**INSTRUCTIONS TO FOLLOW:** Please print the line that holds "- ★レディース★ニット★セ" and each line after it to the end of the data, word for word, without any pictures.

**RECORDED INFORMATION:**
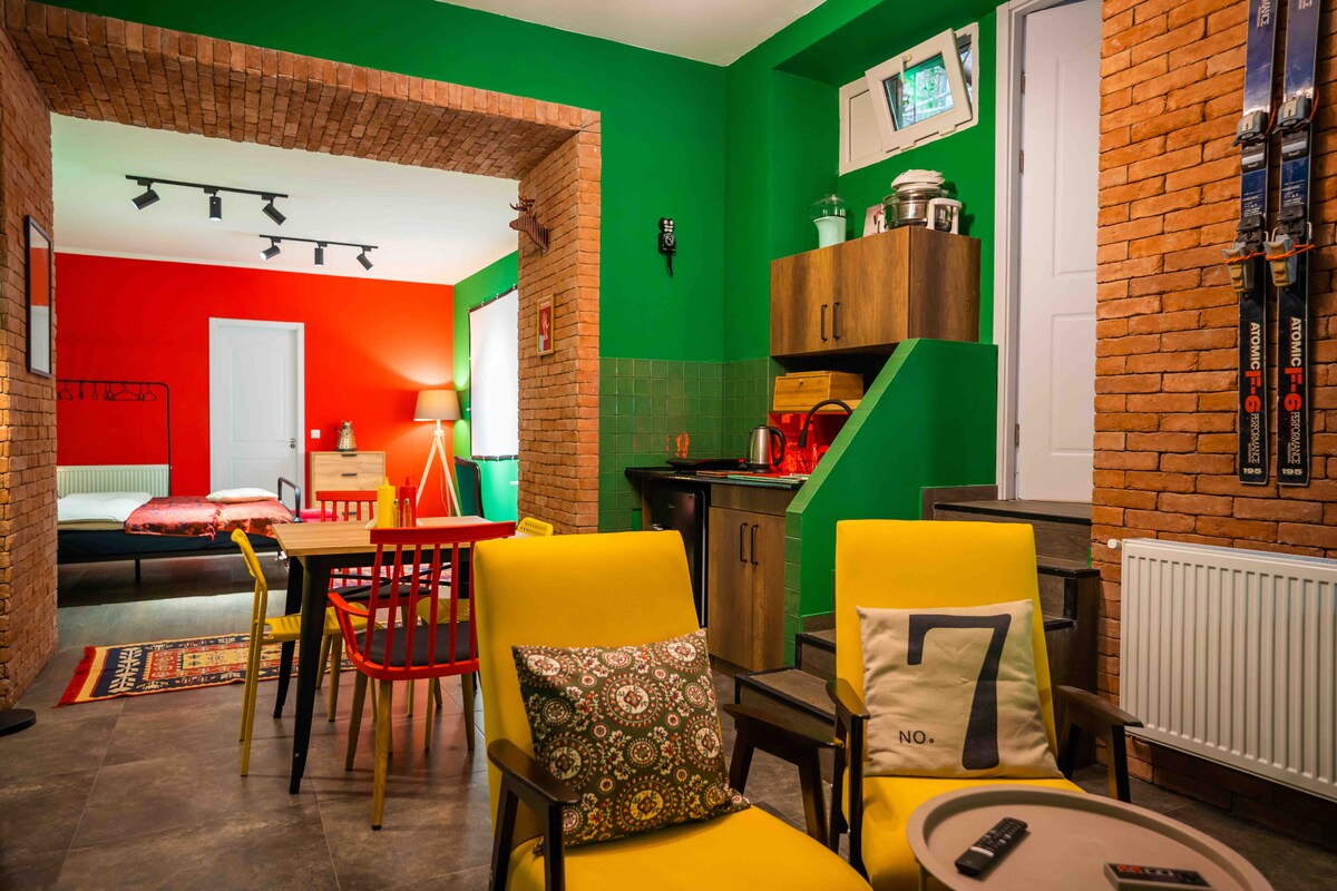 INDUSTRIAL Studio in old soviet building designed by "VIRSTAK", brings unique atmosphere with spectacular day and night CITY VIEW enjoyable from the BATHTUB. -100% HANDMADE. - Not a RANDOM cozy/ functional apartment, Studios amenities consists of old vintage and industrial furniture, for some people might feel uncomfortable out coming from a personal taste. Artistic vibe making you feel like in movies. - WINERY - 9 SORTS of wine - Movie Projector Airport pickup Suzuki Swift 80 Gel
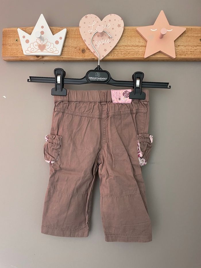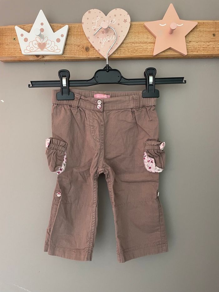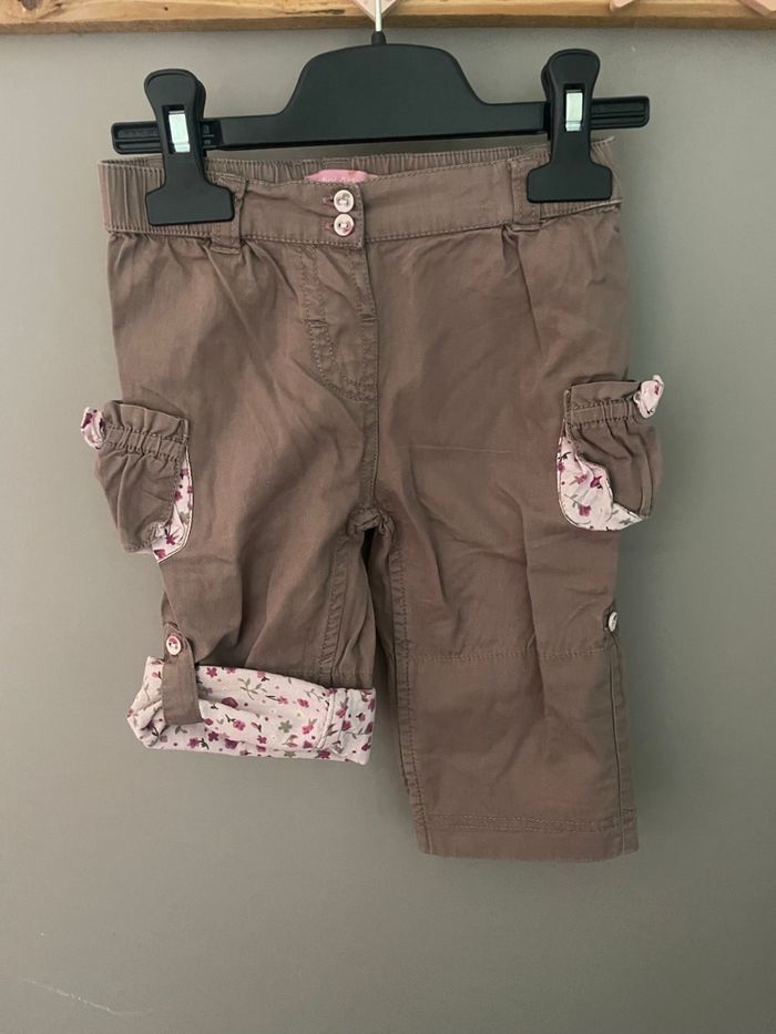 Très bon état T-shirt et pantalon large assorti Le pantalon peut se remonter en pantacourt 12 mois Réductions possibles sur les lots ☺️
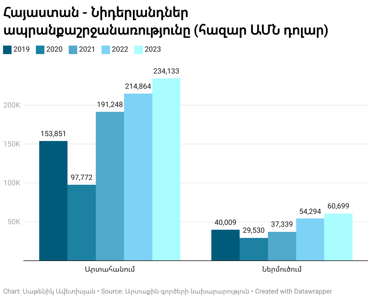 Հայաստան-Նիդերլանդներ առևտրաշրջանառությունը ավելացել է
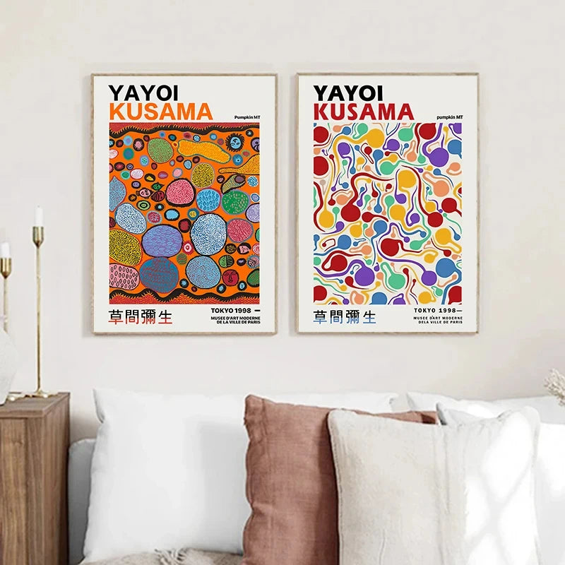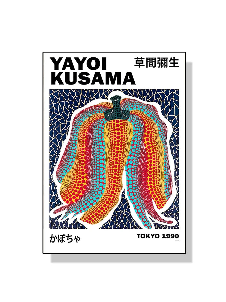Yayoi Kusama Art Exhibition Pumpkin Flower Wall Art Poster Prints Abstract Canvas Painting Picture for Modern Room Home Decor
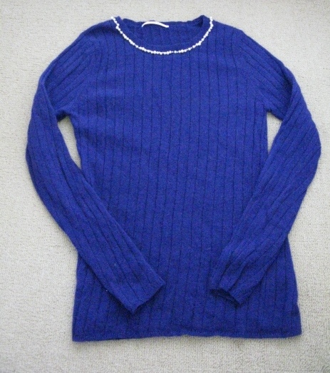 - ★レディース★ニット★セーター★長袖★紫★無地★丸首★パール調ビジュー付き★【PayPayフリマ同時出品中】
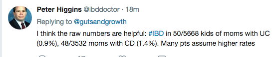 - Hazard ratio for developing IBD in the offspring was 4.63 if maternal ulcerative colitis
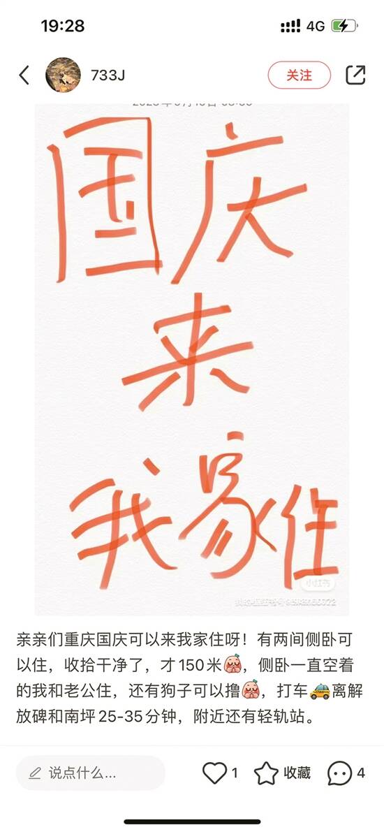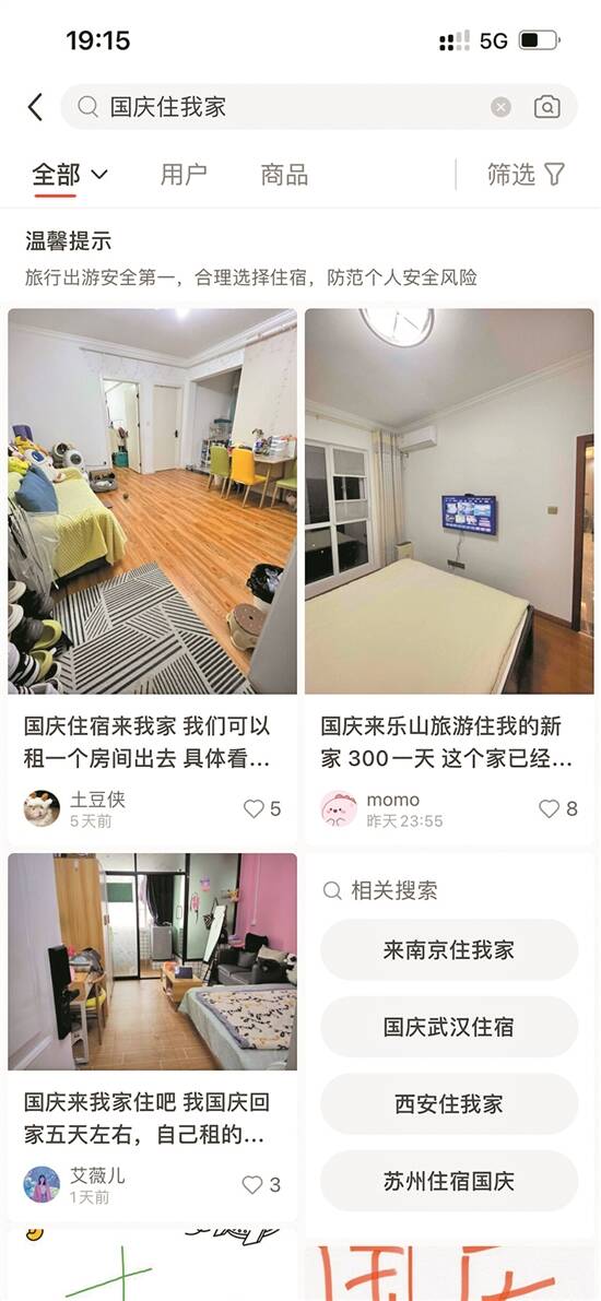 记者以“国庆住我家”为关键词在社交平台上进行搜索,发现可供短租的房源遍布各大旅游城市,包括北京、南京、广州、长沙、重庆等。许多房主表示,他们在国庆期间计划前往其他城市旅行,平时居住的住宅会空置,于是决定将其出租。

**RESPONSE:**
 - ★レディース★ニット★セーター★長袖★紫★無地★丸首★パール調ビジュー付き★【PayPayフリマ同時出品中】
 - Hazard ratio for developing IBD in the offspring was 4.63 if maternal ulcerative colitis
 记者以“国庆住我家”为关键词在社交平台上进行搜索,发现可供短租的房源遍布各大旅游城市,包括北京、南京、广州、长沙、重庆等。许多房主表示,他们在国庆期间计划前往其他城市旅行,平时居住的住宅会空置,于是决定将其出租。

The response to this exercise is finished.